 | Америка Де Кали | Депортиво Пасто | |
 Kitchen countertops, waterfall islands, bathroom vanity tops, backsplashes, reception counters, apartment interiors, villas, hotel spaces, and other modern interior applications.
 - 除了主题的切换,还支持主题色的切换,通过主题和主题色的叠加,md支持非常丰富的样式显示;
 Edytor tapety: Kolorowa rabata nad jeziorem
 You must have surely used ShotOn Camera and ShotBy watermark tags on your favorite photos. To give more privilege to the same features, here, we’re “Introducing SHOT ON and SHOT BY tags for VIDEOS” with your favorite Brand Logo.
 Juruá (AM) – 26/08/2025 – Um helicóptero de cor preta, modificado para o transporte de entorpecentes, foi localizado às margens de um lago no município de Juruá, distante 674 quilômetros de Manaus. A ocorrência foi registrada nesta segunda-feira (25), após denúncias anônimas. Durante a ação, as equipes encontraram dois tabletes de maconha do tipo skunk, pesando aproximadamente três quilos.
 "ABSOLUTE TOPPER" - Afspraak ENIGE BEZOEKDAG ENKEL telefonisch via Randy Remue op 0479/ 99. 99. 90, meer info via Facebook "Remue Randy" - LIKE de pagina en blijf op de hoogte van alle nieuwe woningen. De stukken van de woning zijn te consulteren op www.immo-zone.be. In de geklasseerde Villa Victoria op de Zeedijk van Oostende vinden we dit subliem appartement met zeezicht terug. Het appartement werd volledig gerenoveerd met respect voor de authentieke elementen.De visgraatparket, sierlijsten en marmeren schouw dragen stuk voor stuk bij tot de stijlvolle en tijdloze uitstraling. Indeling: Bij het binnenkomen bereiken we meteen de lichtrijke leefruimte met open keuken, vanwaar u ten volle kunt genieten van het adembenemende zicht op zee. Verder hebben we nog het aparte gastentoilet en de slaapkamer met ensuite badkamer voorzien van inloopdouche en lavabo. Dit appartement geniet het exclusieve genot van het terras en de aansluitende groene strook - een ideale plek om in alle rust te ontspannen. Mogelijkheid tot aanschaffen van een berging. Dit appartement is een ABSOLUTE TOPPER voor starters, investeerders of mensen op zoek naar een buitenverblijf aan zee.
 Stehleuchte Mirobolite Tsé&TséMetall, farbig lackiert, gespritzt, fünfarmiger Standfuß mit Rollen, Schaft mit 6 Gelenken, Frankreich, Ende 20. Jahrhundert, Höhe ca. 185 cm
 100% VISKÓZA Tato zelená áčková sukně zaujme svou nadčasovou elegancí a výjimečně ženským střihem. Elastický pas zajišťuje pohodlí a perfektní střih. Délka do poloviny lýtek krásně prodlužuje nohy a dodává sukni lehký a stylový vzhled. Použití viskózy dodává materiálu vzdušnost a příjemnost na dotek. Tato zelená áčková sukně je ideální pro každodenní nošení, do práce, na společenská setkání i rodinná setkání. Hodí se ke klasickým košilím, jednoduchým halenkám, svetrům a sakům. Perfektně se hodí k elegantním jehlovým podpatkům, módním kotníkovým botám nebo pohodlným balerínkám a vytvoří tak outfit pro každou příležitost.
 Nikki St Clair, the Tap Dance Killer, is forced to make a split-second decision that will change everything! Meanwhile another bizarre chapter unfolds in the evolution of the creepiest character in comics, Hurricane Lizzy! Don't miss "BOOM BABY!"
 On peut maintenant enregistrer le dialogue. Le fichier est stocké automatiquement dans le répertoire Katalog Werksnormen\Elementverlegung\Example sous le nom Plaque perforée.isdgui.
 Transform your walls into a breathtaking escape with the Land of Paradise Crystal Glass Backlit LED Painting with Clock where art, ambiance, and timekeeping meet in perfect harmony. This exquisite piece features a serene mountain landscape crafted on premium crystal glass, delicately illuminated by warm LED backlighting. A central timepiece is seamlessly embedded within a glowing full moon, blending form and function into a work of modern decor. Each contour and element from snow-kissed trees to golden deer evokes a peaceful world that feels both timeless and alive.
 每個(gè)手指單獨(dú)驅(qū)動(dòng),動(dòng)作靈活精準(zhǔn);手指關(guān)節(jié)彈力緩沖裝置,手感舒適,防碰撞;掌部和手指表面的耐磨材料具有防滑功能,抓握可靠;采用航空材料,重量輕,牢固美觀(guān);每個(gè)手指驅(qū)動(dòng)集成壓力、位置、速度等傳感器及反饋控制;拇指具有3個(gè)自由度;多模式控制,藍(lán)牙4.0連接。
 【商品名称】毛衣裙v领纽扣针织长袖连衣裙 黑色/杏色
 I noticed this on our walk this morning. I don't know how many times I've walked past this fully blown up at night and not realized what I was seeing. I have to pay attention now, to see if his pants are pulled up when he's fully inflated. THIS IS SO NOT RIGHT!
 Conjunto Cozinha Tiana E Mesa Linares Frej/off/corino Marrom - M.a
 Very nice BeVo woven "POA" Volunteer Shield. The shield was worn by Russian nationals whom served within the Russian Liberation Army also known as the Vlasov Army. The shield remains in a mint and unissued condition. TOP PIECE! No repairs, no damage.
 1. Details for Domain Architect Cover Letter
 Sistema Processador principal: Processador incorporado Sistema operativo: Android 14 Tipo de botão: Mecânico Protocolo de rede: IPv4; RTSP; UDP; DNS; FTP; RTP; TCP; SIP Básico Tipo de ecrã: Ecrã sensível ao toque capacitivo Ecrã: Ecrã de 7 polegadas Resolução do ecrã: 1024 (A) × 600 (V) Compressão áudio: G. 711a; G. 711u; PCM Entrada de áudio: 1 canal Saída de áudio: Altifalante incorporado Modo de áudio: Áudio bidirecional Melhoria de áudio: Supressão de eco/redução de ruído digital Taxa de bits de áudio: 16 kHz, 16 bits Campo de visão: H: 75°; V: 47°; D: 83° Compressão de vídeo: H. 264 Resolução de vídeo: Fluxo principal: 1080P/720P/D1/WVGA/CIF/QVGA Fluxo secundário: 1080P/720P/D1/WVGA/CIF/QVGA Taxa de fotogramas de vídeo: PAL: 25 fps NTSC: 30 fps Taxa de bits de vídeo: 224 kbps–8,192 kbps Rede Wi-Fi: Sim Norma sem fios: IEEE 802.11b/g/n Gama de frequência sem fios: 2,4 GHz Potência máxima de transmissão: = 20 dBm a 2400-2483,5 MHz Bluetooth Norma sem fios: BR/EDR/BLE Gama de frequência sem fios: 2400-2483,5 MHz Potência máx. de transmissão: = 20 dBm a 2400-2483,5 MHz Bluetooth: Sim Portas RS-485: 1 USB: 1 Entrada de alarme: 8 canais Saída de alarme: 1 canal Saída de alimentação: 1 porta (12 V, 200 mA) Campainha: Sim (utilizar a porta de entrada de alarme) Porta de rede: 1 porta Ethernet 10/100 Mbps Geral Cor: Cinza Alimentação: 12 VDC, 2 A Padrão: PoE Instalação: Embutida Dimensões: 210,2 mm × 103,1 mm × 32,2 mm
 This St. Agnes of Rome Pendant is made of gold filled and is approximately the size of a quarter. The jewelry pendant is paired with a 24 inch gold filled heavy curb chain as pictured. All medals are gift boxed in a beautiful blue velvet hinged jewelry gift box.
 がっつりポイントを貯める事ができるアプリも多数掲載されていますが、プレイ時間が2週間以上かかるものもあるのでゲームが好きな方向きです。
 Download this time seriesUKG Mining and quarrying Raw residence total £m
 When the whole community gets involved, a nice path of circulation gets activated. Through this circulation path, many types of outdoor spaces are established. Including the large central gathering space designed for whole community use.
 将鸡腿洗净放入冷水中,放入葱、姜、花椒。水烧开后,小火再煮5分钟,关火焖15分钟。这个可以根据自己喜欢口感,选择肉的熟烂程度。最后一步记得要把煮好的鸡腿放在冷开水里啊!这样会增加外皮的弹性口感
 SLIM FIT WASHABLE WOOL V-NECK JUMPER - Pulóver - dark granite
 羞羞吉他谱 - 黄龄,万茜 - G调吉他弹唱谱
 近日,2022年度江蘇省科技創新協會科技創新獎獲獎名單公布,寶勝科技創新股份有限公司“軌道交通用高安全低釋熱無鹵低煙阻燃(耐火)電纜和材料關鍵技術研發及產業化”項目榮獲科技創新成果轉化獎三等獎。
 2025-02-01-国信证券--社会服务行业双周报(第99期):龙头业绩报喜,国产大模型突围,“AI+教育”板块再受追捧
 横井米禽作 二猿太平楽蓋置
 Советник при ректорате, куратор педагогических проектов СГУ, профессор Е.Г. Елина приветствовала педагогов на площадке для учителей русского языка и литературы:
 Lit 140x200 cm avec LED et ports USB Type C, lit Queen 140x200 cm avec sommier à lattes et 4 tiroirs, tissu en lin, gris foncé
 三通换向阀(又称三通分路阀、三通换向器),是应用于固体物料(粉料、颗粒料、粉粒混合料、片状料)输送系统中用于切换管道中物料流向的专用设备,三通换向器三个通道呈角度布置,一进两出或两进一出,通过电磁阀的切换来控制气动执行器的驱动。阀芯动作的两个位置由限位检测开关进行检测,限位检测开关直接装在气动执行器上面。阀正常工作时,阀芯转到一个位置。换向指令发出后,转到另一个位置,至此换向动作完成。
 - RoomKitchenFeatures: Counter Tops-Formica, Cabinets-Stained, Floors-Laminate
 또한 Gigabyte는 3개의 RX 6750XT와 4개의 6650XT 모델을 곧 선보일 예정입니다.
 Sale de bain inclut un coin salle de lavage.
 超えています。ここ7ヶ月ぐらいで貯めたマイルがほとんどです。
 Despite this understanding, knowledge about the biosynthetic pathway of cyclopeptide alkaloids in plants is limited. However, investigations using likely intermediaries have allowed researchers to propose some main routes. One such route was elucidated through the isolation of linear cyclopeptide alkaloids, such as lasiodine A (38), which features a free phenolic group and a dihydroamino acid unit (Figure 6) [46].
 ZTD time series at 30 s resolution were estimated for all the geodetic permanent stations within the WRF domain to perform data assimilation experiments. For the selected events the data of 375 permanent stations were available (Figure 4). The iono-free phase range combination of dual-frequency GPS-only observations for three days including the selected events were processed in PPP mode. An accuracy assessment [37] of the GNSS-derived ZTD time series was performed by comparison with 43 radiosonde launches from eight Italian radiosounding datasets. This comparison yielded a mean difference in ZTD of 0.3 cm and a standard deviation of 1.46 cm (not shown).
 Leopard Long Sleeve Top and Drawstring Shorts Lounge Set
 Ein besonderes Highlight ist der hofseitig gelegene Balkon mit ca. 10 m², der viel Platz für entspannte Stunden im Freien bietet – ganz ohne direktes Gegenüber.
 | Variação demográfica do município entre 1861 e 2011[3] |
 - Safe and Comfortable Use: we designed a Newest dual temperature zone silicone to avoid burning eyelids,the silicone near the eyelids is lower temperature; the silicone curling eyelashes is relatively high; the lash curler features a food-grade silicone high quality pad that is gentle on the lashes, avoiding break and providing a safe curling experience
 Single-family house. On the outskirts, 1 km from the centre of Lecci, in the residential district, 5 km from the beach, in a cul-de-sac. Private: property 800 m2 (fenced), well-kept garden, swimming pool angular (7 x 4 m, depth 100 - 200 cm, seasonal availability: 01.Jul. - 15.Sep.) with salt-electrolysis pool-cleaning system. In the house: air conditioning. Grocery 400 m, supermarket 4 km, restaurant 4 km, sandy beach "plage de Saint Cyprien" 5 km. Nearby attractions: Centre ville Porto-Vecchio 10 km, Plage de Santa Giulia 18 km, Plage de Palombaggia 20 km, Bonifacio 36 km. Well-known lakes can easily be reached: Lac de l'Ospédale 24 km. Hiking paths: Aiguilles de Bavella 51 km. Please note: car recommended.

******

## TASK REQUIREMENTS
Each line from the one containing "- Safe and Comfortable" to the final line above should be written out exactly; please omit the others.

## TASK RESULT
 - Safe and Comfortable Use: we designed a Newest dual temperature zone silicone to avoid burning eyelids,the silicone near the eyelids is lower temperature; the silicone curling eyelashes is relatively high; the lash curler features a food-grade silicone high quality pad that is gentle on the lashes, avoiding break and providing a safe curling experience
 Single-family house. On the outskirts, 1 km from the centre of Lecci, in the residential district, 5 km from the beach, in a cul-de-sac. Private: property 800 m2 (fenced), well-kept garden, swimming pool angular (7 x 4 m, depth 100 - 200 cm, seasonal availability: 01.Jul. - 15.Sep.) with salt-electrolysis pool-cleaning system. In the house: air conditioning. Grocery 400 m, supermarket 4 km, restaurant 4 km, sandy beach "plage de Saint Cyprien" 5 km. Nearby attractions: Centre ville Porto-Vecchio 10 km, Plage de Santa Giulia 18 km, Plage de Palombaggia 20 km, Bonifacio 36 km. Well-known lakes can easily be reached: Lac de l'Ospédale 24 km. Hiking paths: Aiguilles de Bavella 51 km. Please note: car recommended.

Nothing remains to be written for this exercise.